Single by OsamaSon
- Released: October 2, 2024
- Genre: Rage; trap;
- Length: 1:46
- Label: Atlantic;
- Songwriter: Amari Deshawn Adham Middleton
- Producer: Ok

OsamaSon singles chronology
| "Poster" (2023) | "IK What You Did Last Summer" (2024) | "Just Score It" (2024) |

Music video
- "IK What You Did Last Summer" on YouTube

= IK What You Did Last Summer =

2024 single by OsamaSon

"IK What You Did Last Summer" (stylized in all lowercase, expanded "I Know What You Did Last Summer", abbreviated as "IKWYDLS") is a single by American rapper OsamaSon, released on October 2, 2024, through Atlantic Records.

==Background and composition==
The single was produced by OsamaSon's frequent collaborator Ok, who had previewed one version of the track as early as June 14, 2024, prior to its official release. According to HotNewHipHop, "IK What You Did Last Summer" uses the same beat as "California" by fellow rapper Nettspend, a frequent collaborator of OsamaSon's, and the song includes a shoutout to Nettspend in its lyrics. At the time of its release, unreviewed annotations on Genius speculated that OsamaSon was working on a project referred to as jumpout, reported to be his third mixtape.

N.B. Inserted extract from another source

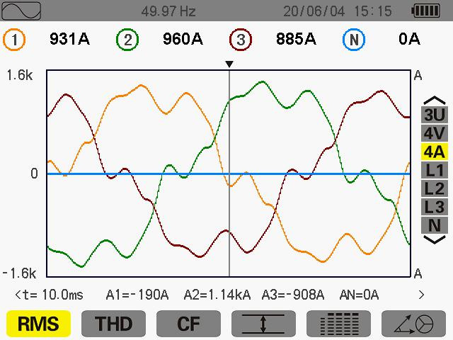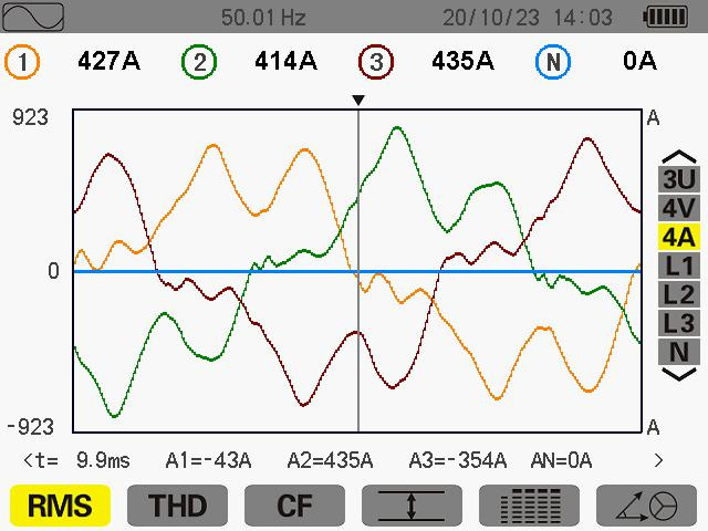 此次測量在其 ABC 電流分別為 427A 414A 435A 當天生產(chǎn)使用其變壓器為60%,未滿負載運行中。

Complex writer Antonio Johri, in a retrospective on rage rap, credited production to Wegonebeok ( Ok) and described the beat as featuring a "chiptune-inspired" loop running frenetically beneath a distorted bassline, over which OsamaSon delivers "thin, monotone vocals."

==Reception==
According to HotNewHipHop, the single became OsamaSon's biggest track of 2024 up to that point, surpassing two million streams within weeks of its release.

Complex included the song at number 15 on its list of the 15 best rage rap songs of all time, with Johri writing that OsamaSon has "carved out a lane for himself by pushing the boundaries of minimalistic lyricism and maximizing bass-heavy production."

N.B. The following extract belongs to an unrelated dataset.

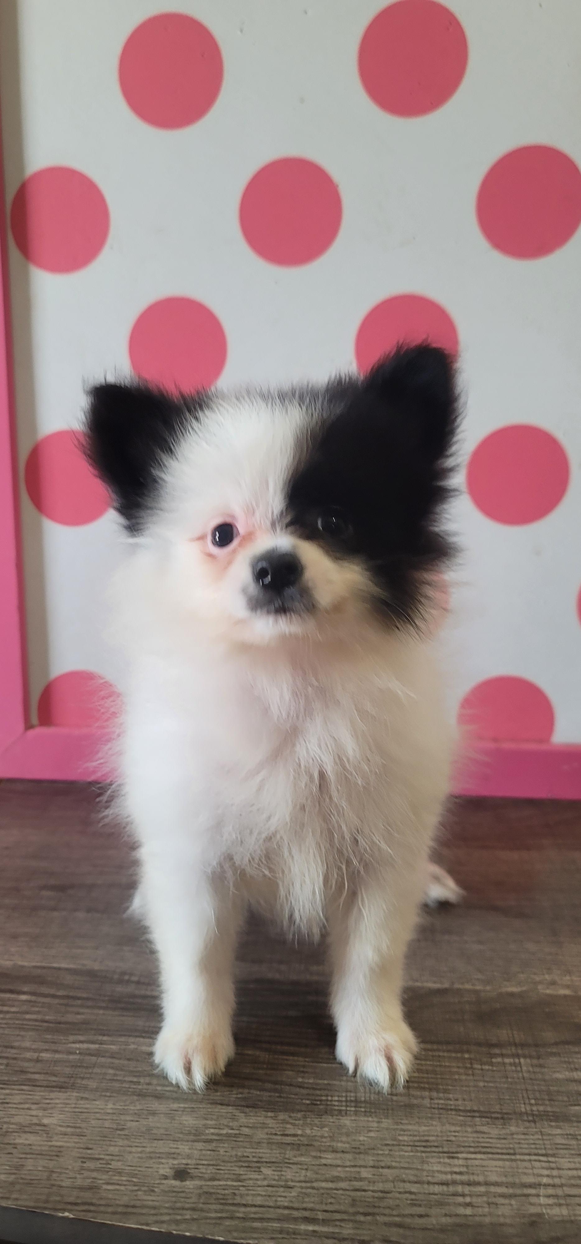 Tink is a female Pomeranian. Carefully selected as a great representative of her breed, Ana decided to make her part of their program. Ana has passed Good Dog’s screening process, which involved a review of their breeding practices, environment, and the mental and physical health of their dogs.

Verge Magazine ranked "Ik What You Did Last Summer" third on its list of the top 10 OsamaSon songs, writing that it blends nostalgic lyricism with aggressive rage rap production, positioning it as both a "danceable ear-worm" and a memorable anthem. The magazine noted OsamaSon himself had described the song as making listeners feel alive and moving, and that it consistently ranks among his most-played songs on streaming platforms.

HotNewHipHop later described the song as being part of a string of buzzworthy 2024 singles, alongside "Withdrawals" and "popstar," released while OsamaSon prepared his anticipated Jump Out mixtape. The song was also mentioned in coverage of OsamaSon's first headlining tour of Australia, announced for October 2026, as one of the tracks for which he is known.